▶ [What to work on] Repeat the data word for word, excluding every picture.

▶ [Data provided]
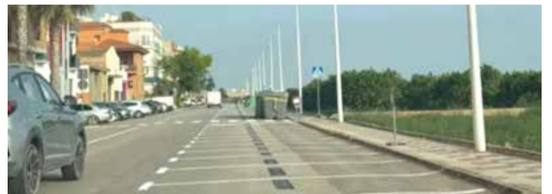
Avinguda Blasco Ibáñez a Albuixech
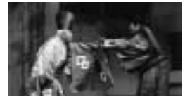
大間川のワンシーン

人間国宝の野村萬さんをはじめ、東西の名だたる狂言師による伝統芸能をお楽しみください。 11月7日(金) 18時～20時30分 市民会館市民ホール ※駐車場はありません。 1,500人(市内在住・在勤・在学を優先して抽選) 「大間川」=野村萬さん、野村万蔵さん、小笠原匡さん 「寝音曲」=茂山茂さん、茂山逸平さん 「悪太郎」=茂山千五郎さん、茂山七五三さん、網谷正美さん 狂言研究者の木村要さんによる狂言解説 基本事項(10面に掲載)

▶ [Your response]
Avinguda Blasco Ibáñez a Albuixech
大間川のワンシーン

人間国宝の野村萬さんをはじめ、東西の名だたる狂言師による伝統芸能をお楽しみください。 11月7日(金) 18時～20時30分 市民会館市民ホール ※駐車場はありません。 1,500人(市内在住・在勤・在学を優先して抽選) 「大間川」=野村萬さん、野村万蔵さん、小笠原匡さん 「寝音曲」=茂山茂さん、茂山逸平さん 「悪太郎」=茂山千五郎さん、茂山七五三さん、網谷正美さん 狂言研究者の木村要さんによる狂言解説 基本事項(10面に掲載)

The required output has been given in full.